Economics and Genetic Technology Transfer | Research & Encyclopedia Articles

Economics and Genetic Technology Transfer

Technology transfer involves the discloser and exchange of information about a discovery or an invention. This discloser could be in the form of presentation at professional or technical conferences, publication in professional magazines or books, deposition of data in accessible databases, and through patenting. Other forms of technology transfer that involves economic and industrial interests include consulting, exchange programs, training and workshops, and especially licensing. The acknowledgement of the intellectual property of the holder of proprietary information and the respect of the economic interests of the inventor of discoveries that could be developed commercially is at the center of all technology transfer mechanisms.

Collegial exchange information, techniques and programs during conferences, seminars and through publications is the most popular way of technology transfer. The published information is usually intended for the scientific community but is also accessible to the general public. Researchers usually take care to avoid the premature disclosure of data that may be subject to patent application and to give full credit to all collaborators who contributed to the discoveries that are made public. Organization of workshops and special training is another form of technology transfer. Collaboration between research laboratories or between a laboratory and an industrial party could be established such that consulting personal could for example provide services that amount to transfer of technology and may lead to new inventions. These collaborations are usually regulated by special contracts that outline the contributions and benefits of each party and may or may not involve joint financial funding of a project. Collaborations between academic laboratories are usually managed by less formal rules but the guidelines are very clear about the respect of intellectual property and guidelines are very rigorous.

Patenting is a special form of technology transfer where new discoveries and inventions are made public through a special process that allows the protection of an invention from commercial competition. An inventor who makes a discovery that is shown to be new, not obvious and with useful application can be awarded a patent. The agency responsible for granting patents in the US is the Patent and Trademark Office (PTO). The inventor is asked to provide sufficient details about the invention so that all claims about novelty and usefulness can be verified. The patent files are later made public and the inventor is granted a time-limited monopoly to commercially exploit the invention. Being awarded a patent, the inventor can either proceed to the production and commercialization of a product or service, or develop licensing agreements with industries, government agencies and academia for the development and use of the invention. The patent system has been very good in helping to develop discoveries into therapeutic and diagnostic tools and useful products in industry. This system has helped to stimulate a drive for invention and encouraged risk-taking and investments in research and development.

In genetic research, the importance of the economic aspects in technology transfer issues could easily be appreciated by the impact they had on debates and discussions during the progress of the human genome project. The first disagreements inside the Human Genome Project (HGP), which led to the resignation of James Watson, the first director of the National Center for Human Genome Research (NCHGR), were about the patenting of partial human genes called ESTs.

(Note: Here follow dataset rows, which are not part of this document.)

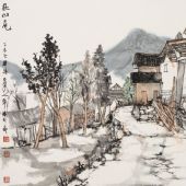 林容生的艺术具有这种主观与客观相互生发的微妙平衡。读他的画,我首先注意到作品中的符号化特征。在他的笔下,田园风景、民居老屋被提炼成为不规则的几何平面,以简约的局部造型和丰富的整体组合达到视觉上的对比,在直线和斜线的理性组织中,不时见到绿树的曲线组合;凝重的山峰块面之上,可以见到精到的轮廓线条与活泼的苔点。从而使这些特定的地域景观,以符号化的方式组织成为视觉化的情感画面,进而由视觉化的画面传达出整体的宁静氛围。清人石涛说过,“用情笔墨之中,放怀笔墨之外”,是说山水画的创作,不仅要得山水情怀,更要抒个人情怀。林容生在山水画中追求的是一种闲和趣远之境,而他以恬静之心来表现深远之意,可以说是深得传统中国绘画的三昧,正如清代恽寿平所说:“意贵乎远,不静不远也”。
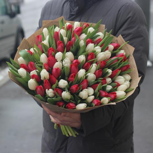 Bouquet of 101 white and red tulips in a stylish package. A complimentary flower card and a pack of cut flower food are included with each bouquet.
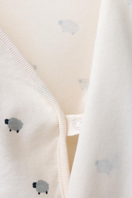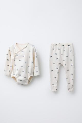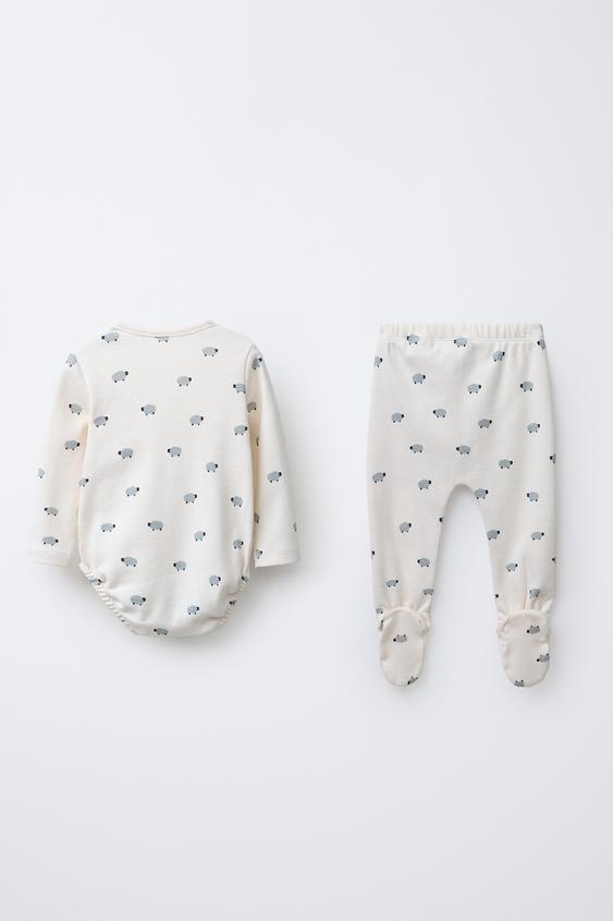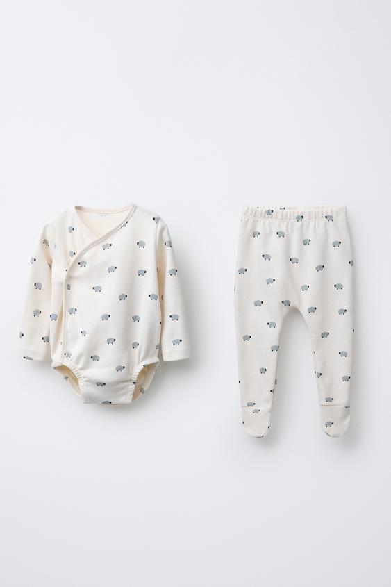 ZARA НАБОР БОДИ И ПОЛЗУНКОВ «ОВЕЧКИ», ЭКРЮ

The issue of patenting these gene pieces also led to the resignation of Craig Venter, the researcher who developed methods to find these ESTs, from NIH. The arguments of those who supported a private sector led exploitation of the sequence information derived from the genome project, essentially were that patent law at present recognizes the patentability of DNA sequences. The sequence information will be increasingly important in the future drug discovery process, diagnostics and therapy, as well as the production of novel industrial products. Furthermore in the conventional drug discovery process, pharmacologically active molecules that are based on naturally occurring substances could be patented. This is because these active molecules are being identified, purified and shown to be effective in curing disease. The sequencing of DNA is by analogy considered a purification step and would therefore warrant the reward of a patent even though the DNA is a natural part of the body. But as Martin Bobrow and Sandy Thomas argued in the issue of the scientific journal Nature that published the draft human genome map and sequence, the value of the DNA molecule "resides in its information content" rather than in the substance. In other words, when it comes to DNA it is the sequence information that has natural value not the object. It should therefore be argued that this "naturally occurring" information should not be patented.

The expansion of genetic information data has prompted interest in the commercial exploitation of these data by building databases and granting access only to subscribers who are willing to pay licensing fees. This business model, which is adopted by, among others, Celera Genomics, the private company that competed with the HGP on completing the sequence of the human genome, is more like the business model of news agencies where the service provider should always stay one step ahead of competition in order to provide valuable information and retain subscribers. This approach is to be distinguished from conventional business models adopted by most biopharmaceutical companies, which chose the drug-discovery approach to generate future benefits from genetic research. These companies rely heavily on the acquisition and protection of intellectual property rights. Identifying drug targets and obtaining patents are important steps for these companies to succeed. The expansion in genetic research has considerably facilitated the step of identifying drug targets. It is estimated that the pharmaceutical and biotechnology industries will be dealing with at least 10 000 drug targets in the near future. This is to be compared with several hundreds targets that kept these industries busy for most of the twentieth century.